Aumento no frete pode chegar ao consumidor
O transporte rodoviário é responsável por levar boa parte dos alimentos, medicamentos, combustíveis e produtos vendidos no Brasil. Por isso, qualquer aumento no custo do frete pode refletir no preço pago pelo consumidor. Quando uma empresa gasta mais para transportar mercadorias, parte dessa despesa pode ser repassada ao valor final dos produtos. O impacto varia conforme o setor, a distância percorrida e o tipo de carga transportada.

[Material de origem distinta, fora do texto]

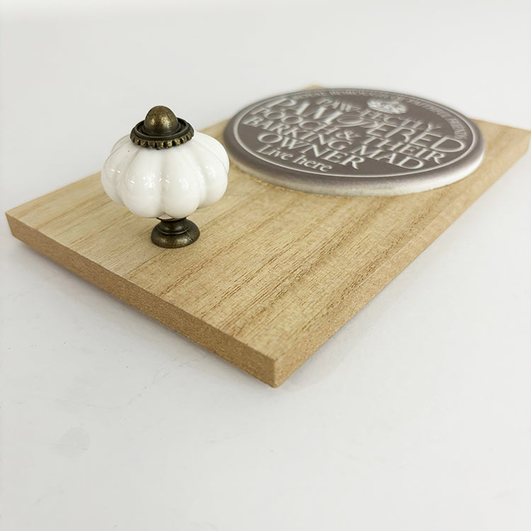 - The plaque is complete with a royal inspired sign with the quote ' Paw-fectly Pampered Pooch and their barking mad owner live here, and finished with hook for hanging their lead.

Além da Medida Provisória, outra proposta voltou a preocupar os caminhoneiros neste mês. O senador Wellington Fagundes (PL-MT) retomou a discussão de um projeto apresentado em 2021 que altera as regras do vale-pedágio.
Hoje, o pagamento do pedágio é uma responsabilidade do contratante do transporte, evitando que esse custo seja descontado do valor recebido pelo motorista. Representantes da categoria afirmam que mudanças nessa regra podem reduzir a renda dos profissionais e enfraquecer uma conquista obtida após anos de negociações.
Assim, o setor vive duas disputas ao mesmo tempo. De um lado, caminhoneiros defendem regras mais rígidas para garantir o pagamento do frete mínimo e preservar benefícios como o vale-pedágio. Do outro, empresários afirmam que as mudanças aumentam os custos do transporte e podem provocar reajustes nos preços de produtos consumidos pela população.
Como a Medida Provisória ainda será analisada pelo Senado, o texto pode sofrer alterações antes de entrar em vigor de forma definitiva. Até lá, o debate deve continuar reunindo representantes dos caminhoneiros, da indústria, do agronegócio e do governo, em busca de um equilíbrio entre a remuneração dos transportadores e os impactos para a economia.